- [Instructions for the task] Exactly as written, set down each line of the data below except its pictures.

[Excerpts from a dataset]

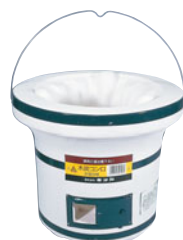
787-04 木炭コンロ (つる付)中型 C-8

外径 (mm) 高さ (mm) 重量 (kg) 入数 220 180 2.5 8 487000120 付属品: 土火皿(小)
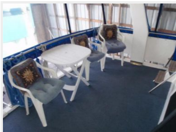
Enclosed Aft Deck
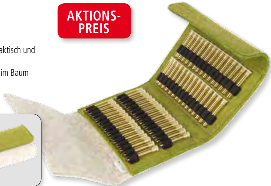
Etui für 60 Gläser (ohne Gläser) 19 / 14 / 4,5 cm | PZN 15995187 |
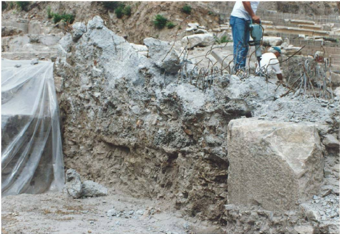
Εικ. 12 Κατεδάφιση θεμελίων πολυκατοικίας 1998.

- [Answer]
787-04 木炭コンロ (つる付)中型 C-8

外径 (mm) 高さ (mm) 重量 (kg) 入数 220 180 2.5 8 487000120 付属品: 土火皿(小)
Enclosed Aft Deck
Etui für 60 Gläser (ohne Gläser) 19 / 14 / 4,5 cm | PZN 15995187 |
Εικ. 12 Κατεδάφιση θεμελίων πολυκατοικίας 1998.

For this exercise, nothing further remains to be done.